# Corsair H150i  Pro XT Lüfter tauschen



## SoNunNicht (12. August 2020)

Moin! 

Ich werde mir demnächst einen neuen Tower samt Lüftern zusammen bauen und habe mich für Corsair ML RGB Lüfter + die H150i Pro XT Aio für meine CPU Kühlung entschieden. 

Nun zu meiner Frage: Da die Aio nicht über RGB Lüfter verfügt, (möchte ich aber zwecks Optik so haben) würde ich diese gerne durch 3*120 Corsair ML RGB Lüfter tauschen. Diese haben aber nur ein Maximum von 1600 Rpm anstatt von (ich glaube) Serienmäßigen 2400 Rpm Lüftern der Aio.  

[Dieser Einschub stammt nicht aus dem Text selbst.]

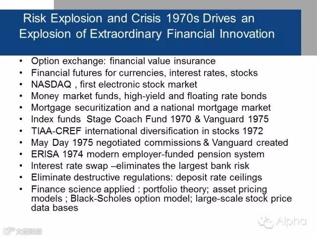 1970年代美国金融市场的发展,给我们带来什么启示?风险都非常大,一夜之间变得非常大,所有的风险都出现,新的金融产品创新也是同时出现,让经济、私营经济解决应对风险,更好地管控风险,能够以更快方式适应他们。所以创新的好处在于,对美国后续的35到40年大有裨益,因为它的好处非常明显。有时候大家想金融行业就是一个电脑数字和头脑之间的博弈,有人输有人赢,但其实不是这样。这些金融创新不仅仅只是一场游戏而已。

Hat jemand eventuell Erfahrung mit dieser Zusammenstellung und kann mir sagen ob die Kühleistung ausreicht von den ML RGB Lüftern für den 360mm Radiator?


----------



## claster17 (12. August 2020)

Es würde mich stark wundern, wenn du deinen Ohren die Maximaldrehzahl antun möchtest. Um das tolerieren zu können, muss man taub sein.
Ich wage mal zu behaupten, dass du mit was auch immer für eine CPU du hast, für eine ausreichende Kühlung niemals 1000 RPM überschreiten musst.


----------



## SoNunNicht (12. August 2020)

Ich nutze einen i7 8700k im OC und da drehen die Lüfter schon mal hoch unter Last, da dieser nicht geköpft ist.


----------



## Sinusspass (12. August 2020)

Da nehmen sich niedrige und hohe Drehzahl aber nicht viel, die Lüfter kühlen nur das Kühlmedium, sprich das Wasser. Warm wird der Prozessor, weil man die Abwärme nicht so gut an das Wasser abgegeben bekommt, da haben die Lüfter herzlich wenig mit zu tun. Selbst unter Prime95 sind das  dann vielleicht 5°C Unterschied zwischen halbwegs leise und Turbine, und wer spielt schon den ganzen Tag Prime95?


----------



## SoNunNicht (12. August 2020)

Alles klar danke für die Antworten! Dann werde ich die Lüfter so tauschen.


----------